A very common question that we receive from clients is regarding their IRA accounts, investment accounts, and retirement accounts. Since a large majority of our clients will set up trusts in order to avoid probate and make things simple for their families when they are gone, a lot of our clients have questions on what they should do with these IRA accounts, investment accounts, and retirement accounts. Specifically, it is very easy to name a beneficiary of an IRA account, investment account, and different types of retirement accounts. Therefore, you technically do not need to retitle these accounts into the name of a trust in order to avoid probate, as these are commonly referred to as non-probate assets, as they can easily transfer to the named beneficiary outside of probate.
However, people also need to be aware of recent Supreme Court decisions regarding inherited IRA accounts. Specifically, you can name a beneficiary on an IRA account.

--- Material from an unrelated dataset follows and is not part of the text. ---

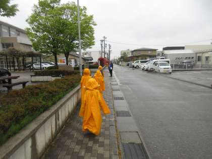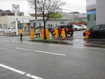 雨にも負けず、風にも負けず・・・交通安全に気を付けて歩くことができました。
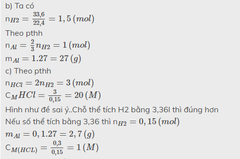 Cho một lượng bột nhôm vừa đủ vào 150 ml HCl. Phản ứng xong thu được 3.36 lít khí H2(đktc)

Upon your death, the beneficiary has the option in which to withdraw the funds from the IRA that was inherited, or turn the IRA into an inherited IRA account and continue the account as a tax-deferred savings vehicle. However, an important consideration when it comes to estate planning strategies is the result of a recent Supreme Court decision. The United States Supreme Court recently held that inherited IRAs are not entitled to creditor and bankruptcy protection.

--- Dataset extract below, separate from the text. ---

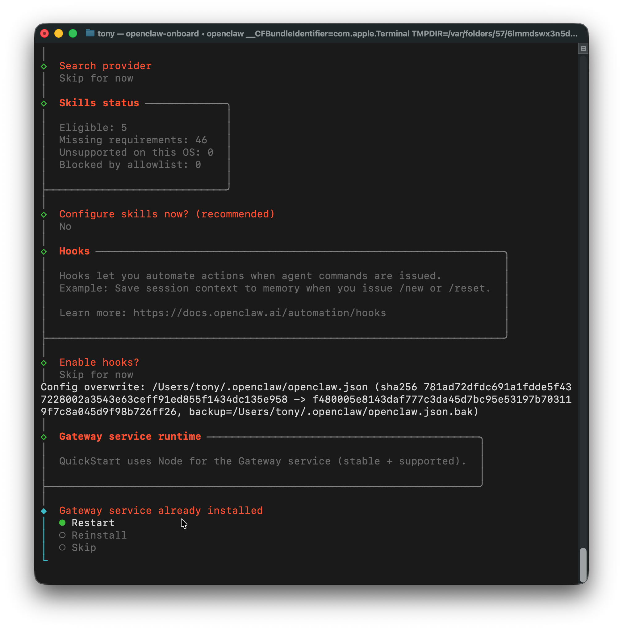 接下来让你配置搜索 API、技能、Hooks,全部可以跳过,就是选 skip 相关的选项。

What does this mean? For example, if your son inherits an IRA from you at your death and decides to continue the IRA as an inherited IRA for the purposes of creating a tax-deferred savings vehicle, then that inherited IRA account can be seized for the benefit of any future creditors of your son. Specifically, that inherited IRA account does not provide any asset protection.

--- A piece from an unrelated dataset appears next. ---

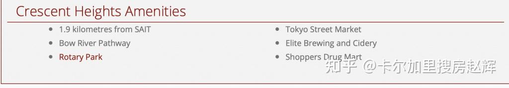 Crescent Heights北临跨加拿大高速公路,南临弓河,可快速到达户外活动、主要交通路线、餐饮和购物场所。居民可以在社区东部边界的埃德蒙顿小道上找到几个吃饭和购物的地方,如Noto Gelato和Villa Firenze。沿着从北到南贯穿该社区的Centre Street N,可以找到许多其他的餐馆和商店。Crescent Heights公园是卡尔加里最好的公园之一,为居民提供了享受户外活动的绿色空间。

Let’s say that John and Jane both pass away with a large IRA account in the total amount of $950,000. John and Jane also had a son, James, who had a lot of financial problems and bad luck. James decided to continue the IRA account after he inherited it and continued the account as an inherited IRA account. A few years later, James was involved in a severe automobile accident and a $1 million judgment was obtained against him. Due to the fact that his insurance only covered the first $500,000 of this judgment, James filed for bankruptcy relief to discharge the remaining $500,000 in liability. However, due to the recent Supreme Court decision, James’ $950,000 inherited IRA account would not be considered an exempt asset, and the bankruptcy court would seize that asset for the benefit of James’ creditors.
Therefore, due to these concerns, it may be appropriate to name the trust as the beneficiary of an IRA, investment, or other retirement accounts. If John and Jane had named their trust as the beneficiary of the IRA account, and their trust contained certain asset protection language in the trust, such as staggered distribution to James over the course of his lifetime, then the IRA would be protected from this type of creditor situation.
As such, there may be certain estate planning reasons for naming the trust as the beneficiary of certain IRA, investment, and retirement accounts. However, these important decisions should only be made after a careful and thorough discussion with an experienced and knowledgeable estate planning attorney where you thoroughly discuss your family, life, and financial situation.